К тому времени, как «Автоботы», преодолев ураганный ветер, от которого у меня аж вибрировала кожа на лице, передали меня в руки других рейнджеров, ожидающих на борту, картинка перед моими глазами уже сделалась смазанной, а звуки в ушах — приглушенными. Нанокапсулы с транквилизаторами, которые вкололи мне внутримышечно, по-видимому, сразу же активировались и уже начинали действовать.

— Давайте его сюда! Пристегните как следует! — велел чей-то командный голос.

Я не сопротивлялся, когда две или три пары крепких рук приняли меня, затащили на борт и довольно грубо водрузили всем телом на твердую поверхность авиационной медицинской кушетки. Дверь десантного отсека сразу же закрылась, резко уменьшив количество света внутри. Рев двигателей и вибрация усилились, возвещая о том, что корабль готовится к взлету.

Я почувствовал, как кто-то защелкнул металлические браслеты на моих щиколотках, а кто-то другой — разомкнул мои наручники, лишь для того, чтобы секунду спустя заковать запястья в такие же браслеты, как те, что были на щиколотках, растянув меня по кушетке, как на голгофе.

— Спасибо. Дальше я о нем позабочусь, — произнес мягкий мужской голос, не похожий на голос военного.

Я открыл было рот, чтобы спросить, что происходит — на мое лицо плотно легла кислородная маска. Руки и ноги, закованные в браслеты инстинктивно дернулись и напряглись. Я протестующе замычал и задергал головой, но кто-то тут же схватил ее руками и зафиксировал. Частота дыхания и пульс на краткий миг взлетели — но тут же начали замедляться.

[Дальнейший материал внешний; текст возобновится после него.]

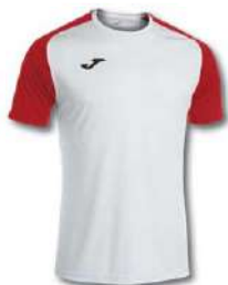
206 WHITE/ RED
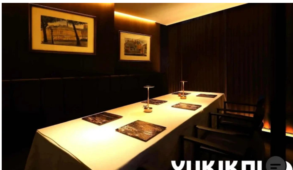
リナシメント 雰囲気
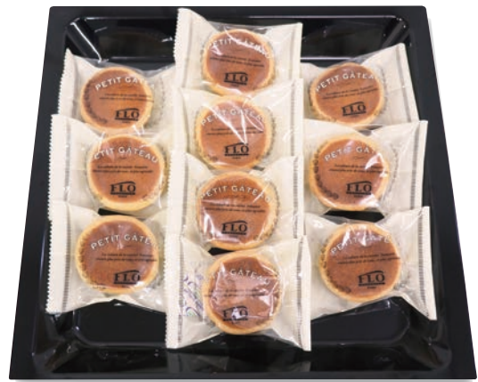
季節のプティタルト 2,750円 (税抜2,500円)
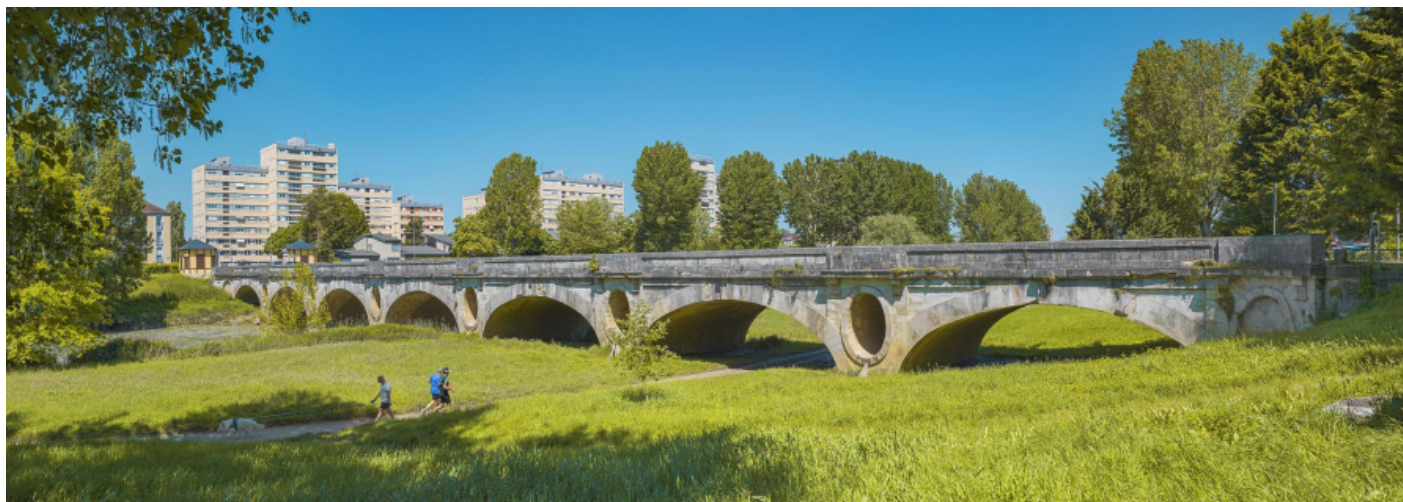
Le pont des Chavannes, vu d'aval.

71, Chalon-sur-Saône route départementale 19
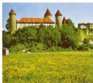
Le château d'Estavayer
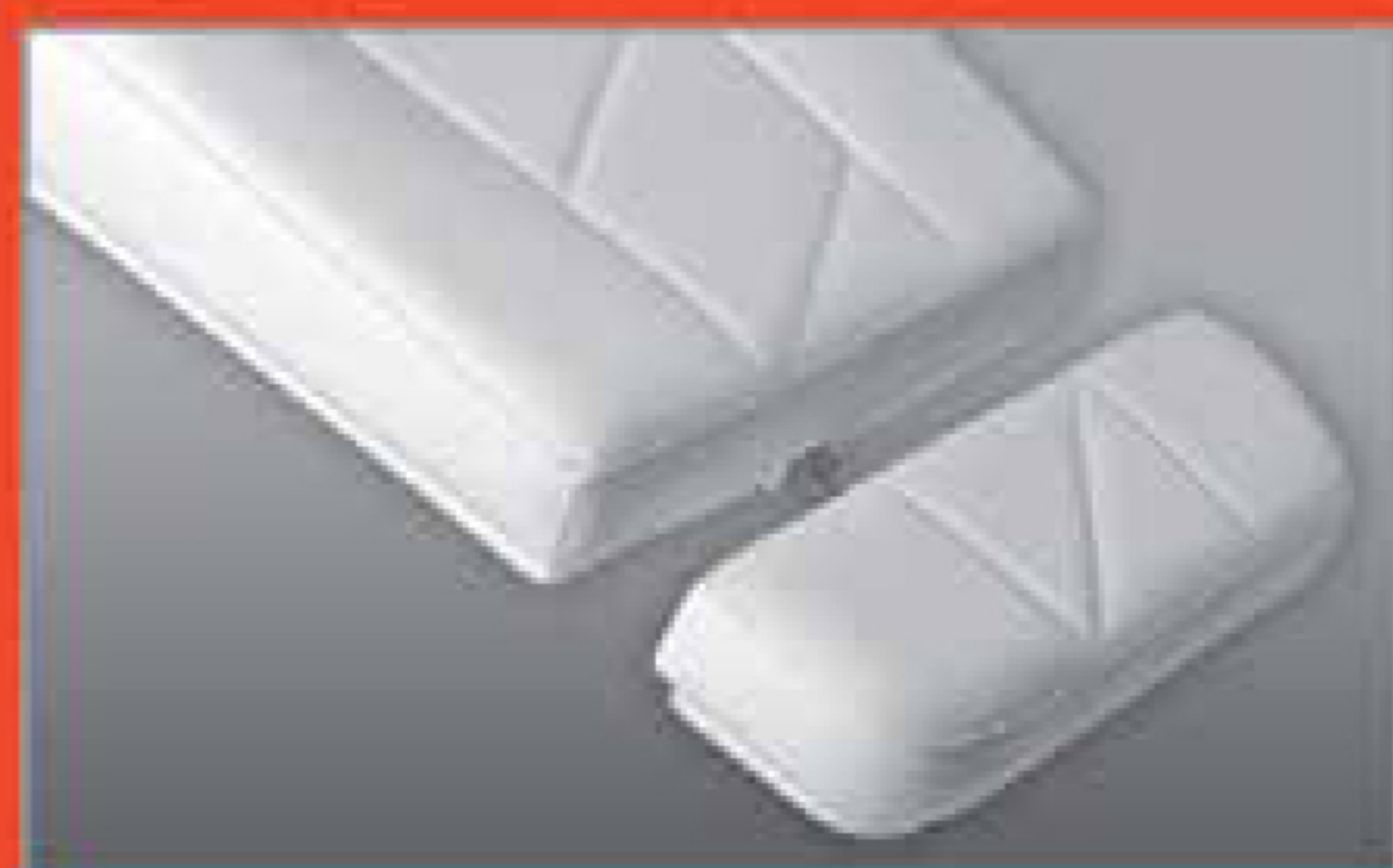
Materasso anatomico Anatomic mattress
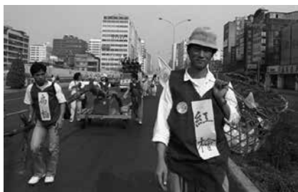
圖 29、1989年3月第二次森林運動遊行(1989.03)
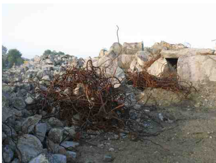
Linksboven: 13 augustus 2010: Resten beton en ijzer
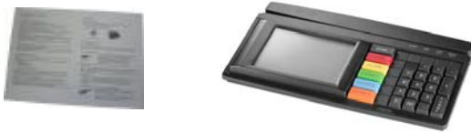
Fig. 1 Contents of package, figure shows a specific keyboard layout
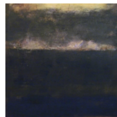
My Neverland - Mistral/lela - 100 cm X 100 cm - 2005

Exposições colectivas: 2006 "PERSPECTIVAS - 7 OLHARES", RDP ÁFRICA 10 Anos, Quarteira, Porto, Coimbra e Inst. Franco Português, Lisboa | 2005 Galeria Corrente D'arte, Lisboa | Galeria Acontece, Lisboa | Galeria 57, Leiria | 2003 Galeria 57, Leiria | Galeria Santiago, Palmela | Galeria Magia Imagen, Lisboa | Galeria Corrente D'Arte, Lisboa | 2001 Governô Regional da Madeira, Funchal | 2000 Bienal de Alenquer, Alenquer | Galeria Magia Imagen, Lisboa | 1999 Bienal do Alentejo, Évora | Internacional de Vila Real de S. Antonio, Vila Real de S. Antonio | 1998 Galeria JE, Lisboa | Galeria Art Konstant, Lisboa | Expo 98, Lisboa | Galeria Moira, Lisboa | 1997 Galeria Espaço Oikos, Lisboa | 1996 Bienal Lyons Club, Almada | 1994 Feira Internacional de Lisboa, Lisboa | 1983 Escola de Artes Visuais Antonio Arroio, Lisboa |
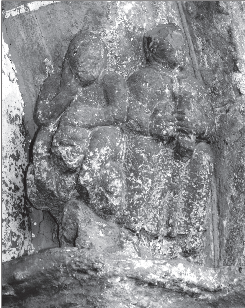
Lupta Credinței cu idolatria, portal vest, biserica evanghelică din Avrig, România
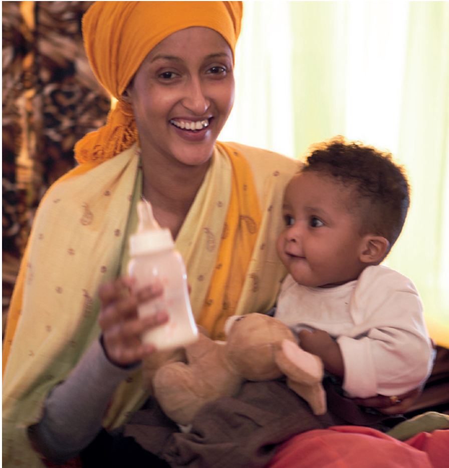
Overgangskosten suppleres her med modermælkserstatning.
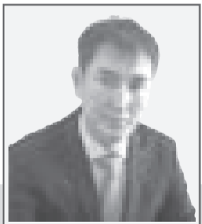
Ерлан НУРШАРЫПОВ, судья Мартукхского районного суда Актюбинской области

Указанное наглядно проявляется в содержании ст. 16 Кодекса, в которой сказано, что административное судопроизводство осуществляется на основе активной роли суда. Суд, не ограничиваясь объяснениями, заявлениями, ходатайствами участников административного процесса, представленными ими доводами, доказательствами и иными материалами административного дела, всесторонне, полно и объективно исследует все фактические обстоятельства, имеющие значение для правильного разрешения административного дела. Судья вправе высказать свое предварительное правовое мнение по правовым обоснованиям, относящимся к фактическим и юридическим сторонам административного дела. Суд по собственной инициативе или мотивированному ходатайству участников административного процесса собирает
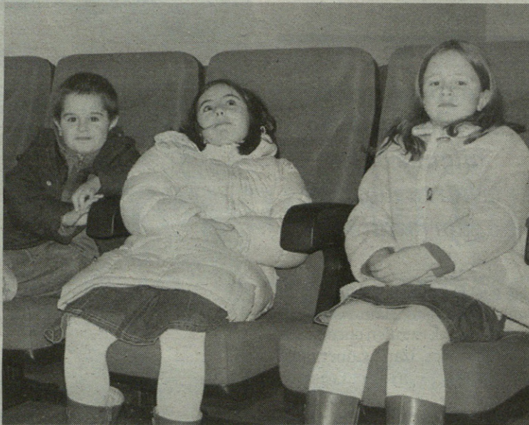
Filma ikusten duten bitartean gazteek ezin izango dute litxarreriarik jan aretoan.
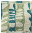
L5087_DJANG O_C535_C544_ FE
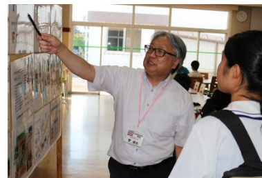
各学科の個別相談会

今後のオープンキャンパスは、9/14（土）に予定しています。ぜひ一度、鎮西学院大学を見て、雰囲気に触れてみてください。お待ちしております。
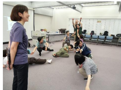
上から下へ流れるよう 何を表現しているかな

— Спокойно, — прошептал у меня над ухом все тот же голос — мягкий, но без добродушия — словно у ученого, успокаивающего лабораторную крыску, перед тем как уколоть ей какую-то дрянь. — Еще пара секунд — и ты уснешь.

Последнее что я почувствовал перед тем, как окончательно отключиться, — перепад давления от того, что корабль поднимается в воздух.



§ 40


Когда я очнулся, то мое тело находилось в сидячем положении. Я ощущал сухость во рту и тяжесть в голове, словно с похмелья. Мои запястья и щиколотки были прикованы к тяжелому, привинченному к полу креслу.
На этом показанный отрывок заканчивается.